Interpreting Networks: What the Numbers Mean
Quantitative metrics give structure to the complexity of relationships. For example, in a social media network of corporations, a company with a high in-degree might be a trendsetter whose posts attract widespread attention. A company with high betweenness might bridge industries by connecting technology firms with consumer brands. Meanwhile, a firm with high eigenvector or PageRank scores could represent a respected voice with strong reputational ties to other influential entities.
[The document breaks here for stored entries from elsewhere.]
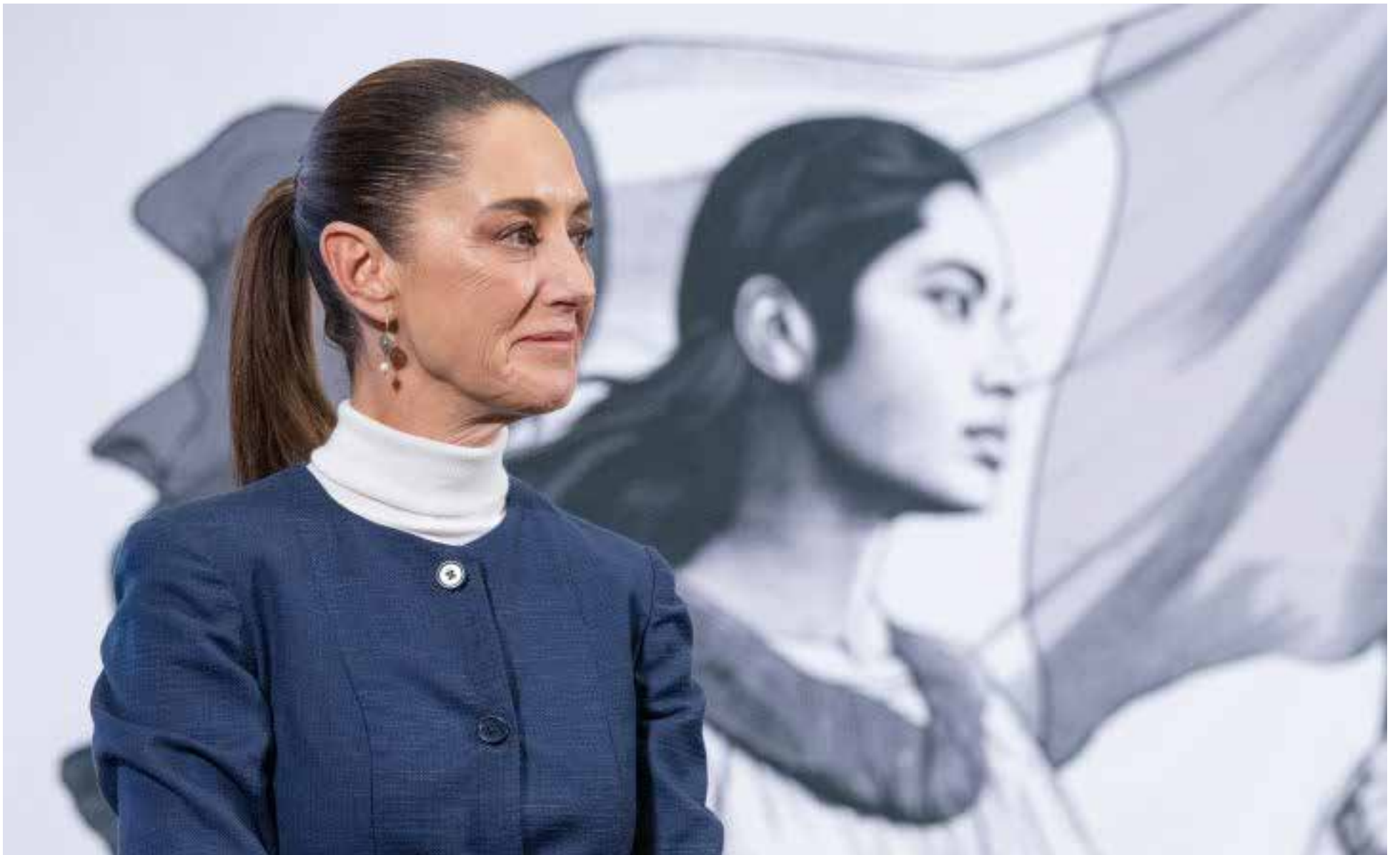
Claudia Sheinbaum Pardo, presidenta de México

C laudia Sheinbaum Pardo, la primera mujer en alcanzar la presidencia de México, se ha convertido en un símbolo poderoso del liderazgo femenino, demostrando que su impacto trasciende fronteras y redefine el panorama político y social. Ingeniera, académica y política, Sheinbaum ha dedicado su vida a la lucha por la justicia social, la igualdad y el desarrollo sosteni-
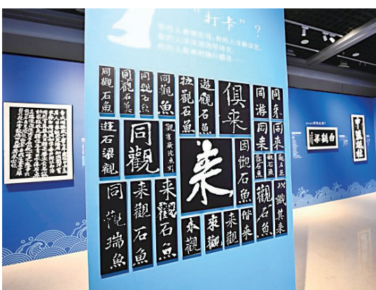
展览还对古人在白鹤梁上题刻中“打卡”的表达进行了盘点
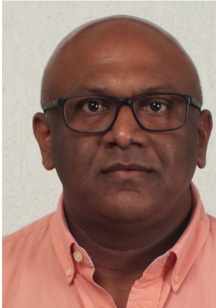
Adit Moensi Econoom

In 2050 is Suriname de 'Country of choice' voor "Foreign Direct Investment". De economie is genoeg gediversifieerd zodat potentiële prijsschommelingen op de wereldmarkt makkelijk opgevangen kunnen worden.
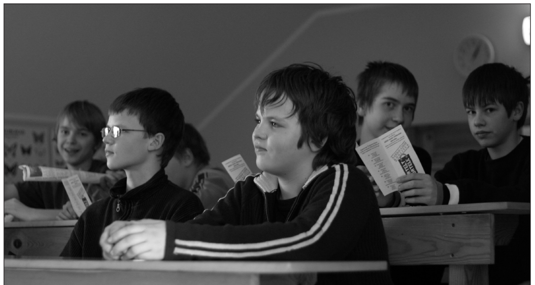
Eelmisel nädalal toimunud tervisenädalal hüpati kõrgust, mängiti mälumängu, valmistati tervisesalateid ja tehti paljut muud huvitavat. Pildil kuulab 7C klass loengut uimastitest.
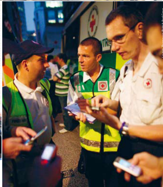
Layton Thompson/British Red Cross

herðar félögum að þau taki til rækilegrar skoðunar óskir ríkisvaldsins um þátttöku í mannúðarstarfi sem fellur undir hlutverk þeirra. Ríkisvaldið skal forðast að gera kröfur til félagsins sem væru í andstöðu við grundvallarmarkmið eða stofnskrá Alþjóðahreyfingar Rauða krossins og Rauða hálfmánans. Landsfélögum er skylt að synja öllum slíkum óskum og stjórnvöld þurfa að virða slíkar ákvarðanir. Ríkisvaldinu er einnig óheimilt að hafa afskipti af starfsemi landsfélagsins, vali verkefna og forustumanna og breytinga á félagslögum.
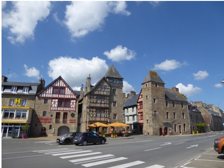
Vi stoppet i Plouguiel for å ta en kopp kaffe på denne restauranten, men det var midt i lunsjtida, så da måtte vi spise. Det ville vi ikke, så vi gikk igjen.
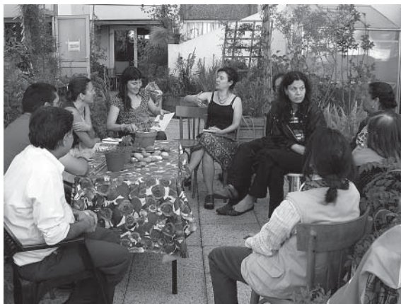
Rempotage et partage
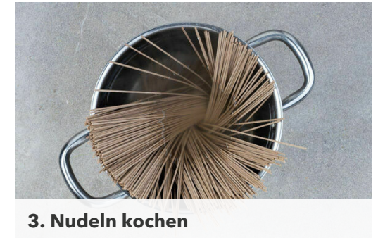
3. Nudeln kochen

Die Karotten , das Zitronengras und den Gemüsemix in derselben Pfanne mit 2EL Pflanzenöl in 2-3Min. bissfest anbraten. Den Knoblauch dazugeben und mit der Sojasauce und der Teriyakisauce ablöschen.
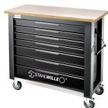
85010625 Mobile Werkbank
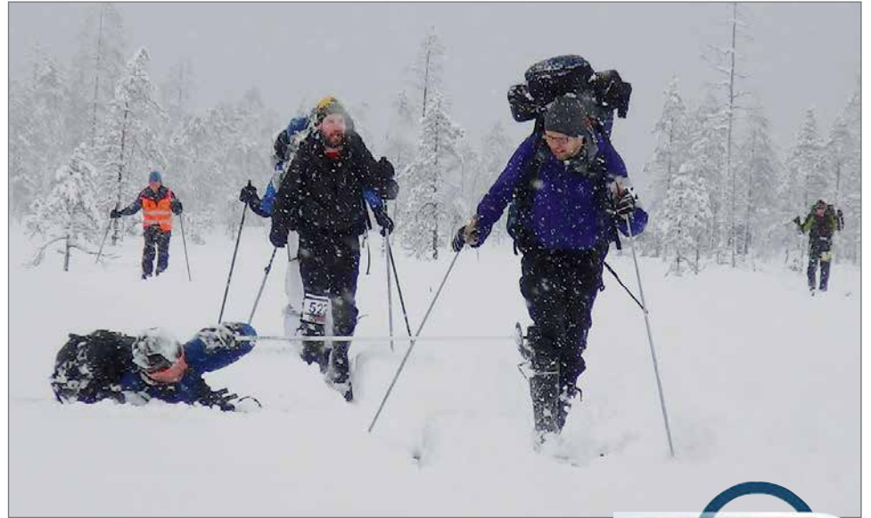
Hupsis! Tasapaino petti juuri ennen maalia.

hiihtäjää, heistä noin 60 oli naisia eli heidän osuus on noussut alkuajoista. Joukkueita oli yhteensä 57, joista maaliin pääsi 52. Yksilökilpailuun osallistui 31 henkeä.
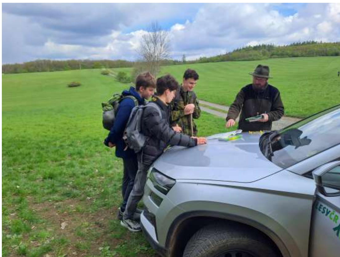
Křivoklátská sovička – duben 2024
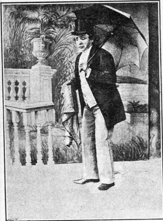
«Ὁ ἀριθμὸς 13»

γνώμης ἄλλου, ὁ κριτικὸς πρέπει νὰ ἐξετάζη πῶς διατίθεται αὐτὸς ὁ ἴδιος πρὸ τοῦ καλλιτέχνη ἢ τοῦ καλλιτεχνήματος. Ὁ Παντόπουλος ἀποτελεῖ μίαν τῶν ἰδιαιτέρων μου συμπαθειῶν. Ἀπὸ τῆς πρώτης φορᾶς καθ' ἣν τὸν εἶδα ἀπὸ σκηνῆς — ἐπαίξε τὸ περίφημον ἐκεῖνο Βέβαια, βέβαια! — εἰσῆλθε βαθύως, βαθύτατα εἰς τὴν ἐκτίμησίν μου καὶ ἤσκησεν ἐπίδρασιν ἐπὶ τῶν νεύρων μου καὶ ἐγένετο κύριος, ὁ μόνος ἐκ τῶν ὁμοτέχνων κύριος τοῦ γέλωτός μου. Εὐ-
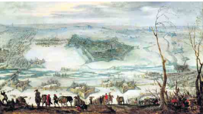
„Die Belagerung der Festung Jülich 1621/22“ des flämischen Künstlers Pieter Snayers aus dem Bestand des Museums Jülich.

Der Geschichtsverein lädt zum Vortrag „Weltreich und Provinz. Die Spanier im Jülicher Land 1560-1660“
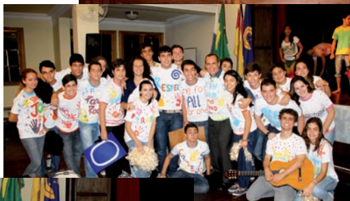
Nas fotos acima e ao lado, os grupos vencedores do jogral: "Aquarius", da turma 104, 1º lugar, e "Stand by me", da turma 103, 2º lugar.
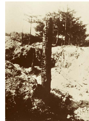
Zbytky shořelé lesní boudy u Kyjanice
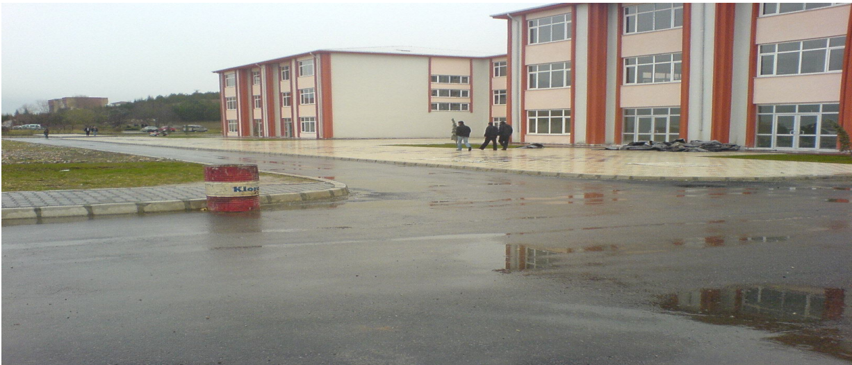
Yemekhane Binası Çevre Düzenlemesi
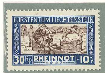
1928 - PRO VITTIME INONDAZIONE DEL RENO - EN FAVEUR DES VICTIMES DU DEBORDEMENT DU RHIN - FLOOD RELIEF STAMPS - WOHLTAETIGKEITSMARKEN FUER HOCHWASSERGESCHAEDIGTE - DENT. 11 1/2.
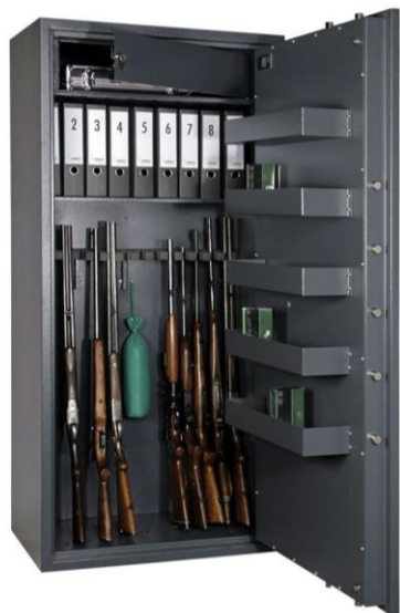
Art. CERVO V
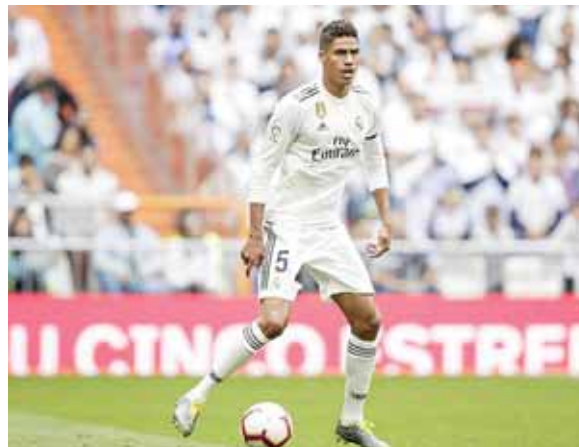
“Somos conscientes de lo que hemos logrado los últimos años y es algo excepcional”, manifestó Varane.

El viernes a la 1 de la tarde se juega el partido Manchester City-Real Madrid, el cuadro merengue debe ganar ya que perdió 1-2 en la ida.
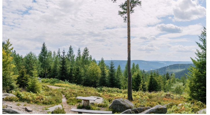
Aussicht am Priorstein - © Baiersbronn Touristik/ Max Günter, Nationalparkregion Schwarzwald - Baiersbronn / Murgtal
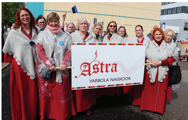
Hei laulunaine, ootame sind laulma Varbola naiskoori Astra!

Kui oled vanuses 18+..., tule 10.10.2022 kell 18.00 Varbola rahvamaja esimesse proovi. Teretulnud kõik häälerühmad.
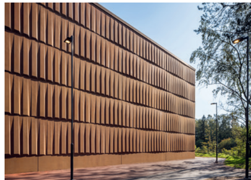
10 Namika Areena
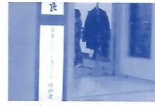
金華自治会連合会総会
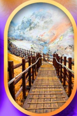
จิกุคคาบิ
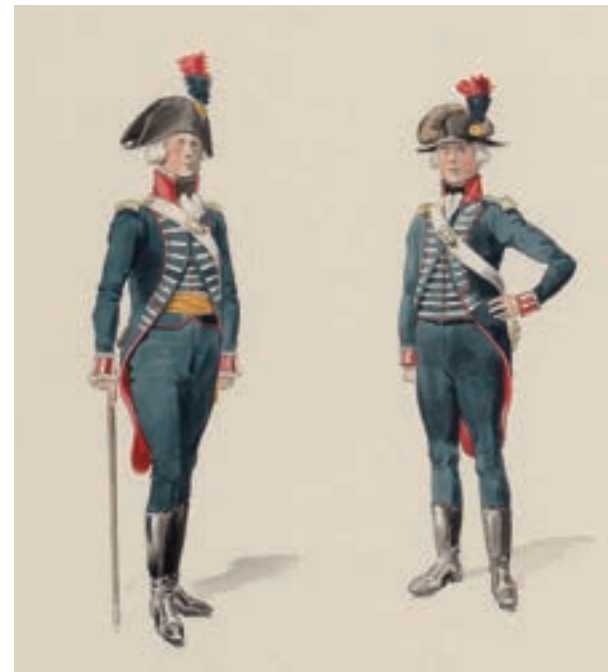
Het Staatse leger telt ook enkele regimenten van Franse emigranten, tegenstanders van het Franse revolutionaire regime, zoals het Legioen van Béon.

De Nederlandse hoop is de Fransen de oversteek van de rivieren te beletten. Maar de winter gooit roet in het eten. Als de rivieren dichtvriezen, is er niets wat het Franse leger onder generaal Pichegru nog kan tegenhouden. Snel gaat het onbezette deel van Nederland verloren. De stadhouder en zijn familie vluchten naar Engeland. Met Franse steun wordt de Bataafse Republiek uitgeroepen. Kwartiermeester-generaal Bentinck krijgt opdracht het leger te verzamelen. Officieren en minderen krijgen de keuze ontslag of de nieuwe machthebbers te gaan dienen. Het Staatse leger bestaat niet meer.

These measures together help analysts identify influencers, bridges, and communities, offering a deeper understanding of how ideas, influence, and collaboration circulate.
Using Gephi to Explore Networks
One of the best tools for exploring these ideas hands-on is Gephi. It’s open-source, free to use, and allows you to import data from spreadsheets or APIs. Once loaded, you can visualize nodes and edges, run algorithms like modularity or PageRank, and even color or size nodes based on their metrics. The visual aspect often reveals patterns that raw numbers can’t like clusters of interaction, isolated nodes, or cross-community bridges.
For researchers, educators, and data enthusiasts alike, Gephi provides an accessible entry point into network science. You can use it to study corporate relationships, social media patterns, trade flows, or ecological systems. The same fundamental principles apply: nodes and edges form a structure, and that structure tells a story.